Maternal immune tolerance of the semi-allogeneic fetus requires CD4+FOXP3+ T-regulatory (Treg) cells, which suppress inflammation and anti-fetal immunity. Expansion of the Treg cell pool in preparation for conception is mediated by seminal fluid. Recent studies have demonstrated that microRNAs contribute to Treg cell function with miR155 established as a key Treg cell miRNA. However, the physiological importance of miR155 in early pregnancy and Treg expansion, and whether miR155 contributes to pregnancy success is unknown.
CBA x C57Bl/6 F1 female mice (n=8-10) were mated with Balb/c males and sacrificed at 8, 16, 36, 60 and 84h post-coitus (pc). Uterine-draining lymph nodes (PALN) were collected and miRNA expression levels were determined using qPCR. miR155-/-or wildtype (WT) females (n=11-13) were mated with Balb/c males and sacrificed on day 3.5 pc. The percentage of Treg cells in the mesenteric lymph nodes(mLN), spleen, blood and PALN was examined by flow cytometry. Pregnant miR155-/-or WT (n=20-23) females were sacrificed on day 17.5pc, fetal and placental weights were determined to assess pregnancy outcome.

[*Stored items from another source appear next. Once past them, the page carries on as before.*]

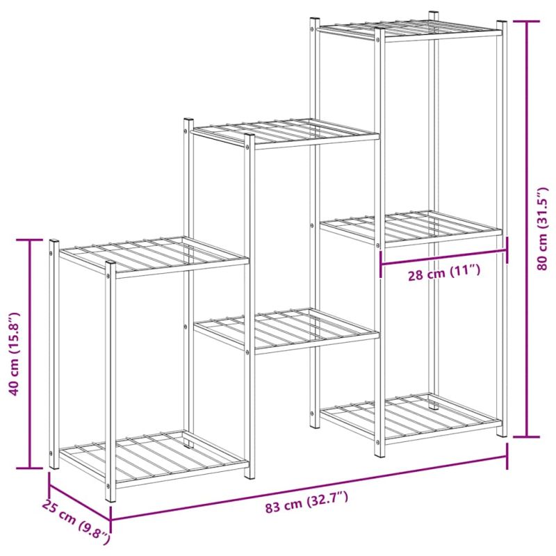 Стойка за цветя, 83x25x80 см, черна, желязо
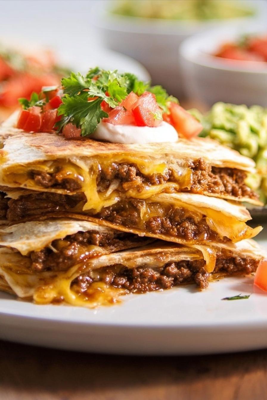 Don’t crowd your skillet with beef, or it steams instead of browns. When browning, listen for that faint crackle and watch edges darken—not just for color but Maillard reaction developing flavor layers. After adding tomato sauce and spices, lower heat slightly; you want reduction, not burning or sticking. Butter in skillet should foam gently, if it browns fast pull heat back immediately. Layering cheese both below and above beef acts like glue—prevents filling from slipping out during flips. Use a thin metal spatula to flip; slow and steady, keep edges aligned. Resting quesadilla off heat lets molten cheese solidify just enough so it cuts clean instead of oozing everywhere. Rinse pan between quesadillas if bits burn and start smoking; a burnt taste ruins the fresh flavors.
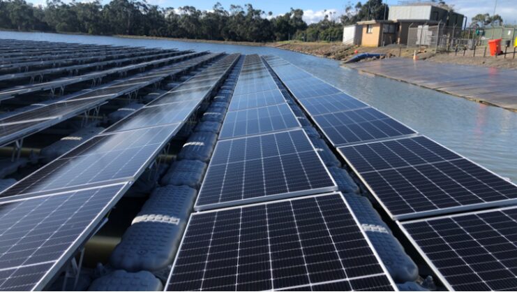 350kW floating solar system installed at the Drouin wastewater treatment plant
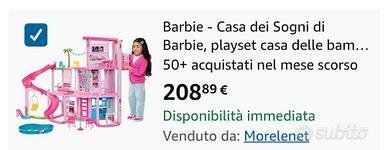 Vendo Casa dei sogni delle barbie purtroppo non va l'ascensore ma è completa di tutti i pezzi.Dimensioni: La casa è alta circa 110 cm e larga 105-114 cm.Il gioco è adatto per bambini dai 3 anni in su,nuova costa 208 euro come si vede in foto. Prezzo regalo Ritiro zona Monza,prezzo trattabile!
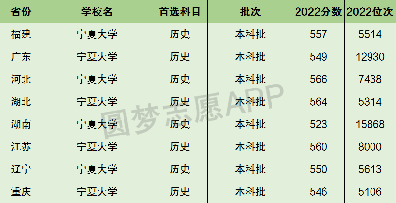 4、宁夏大学在3+1+2新高考省份【首选历史】的招录数据,招生批次为本科批:
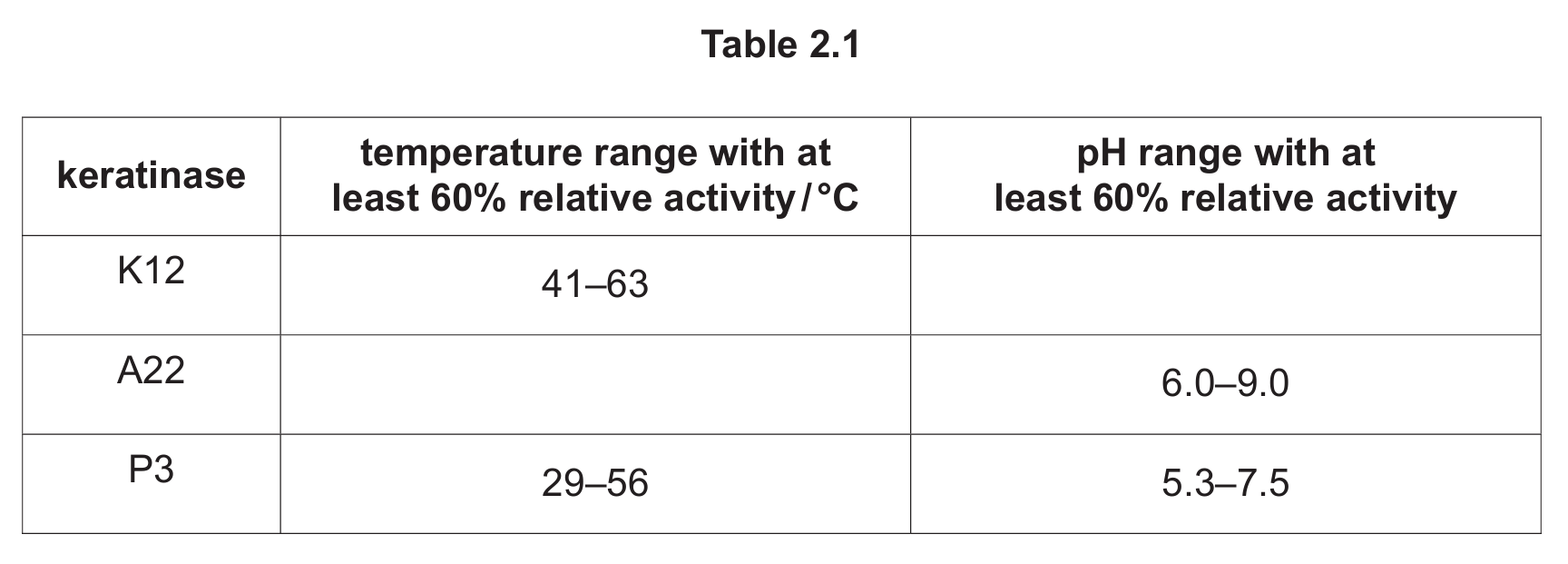 (c) Proteases known as keratinases vary in the extent to which they can hydrolyse keratin.
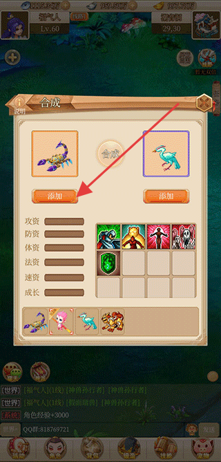 1、进入游戏,先熟悉【合成】系统,选蝎子+鸟类宠物尝试合成,消耗资源获取新宠物,提升养成进度。

Exposure to seminal fluid suppressed miR155 expression in PALN throughout the peri-conception period with the most significant reduction (2.5-fold) observed 8h pc. miR155 deficiency resulted in a systemic reduction in the percentage of Treg cells compared to the WT control with the most significant reduction being observed in the PALN (2.6-fold). Maternal miR155 deficiency altered the outcomes of pregnancy with a 6.0% increase in fetal weight and 7.9% increase in the fetal:placental ratio in late gestation.
In conclusion, seminal fluid suppresses miR155 during early pregnancy and the absence of miR155 is associated with reduced Treg cell proportions, and may lead to altered fetaland placental development. These data indicate a potentially important role for miR155 in the expansion of Treg cellsduring early pregnancy, and may provide novel diagnostic therapies for Treg-associated pregnancy pathologies.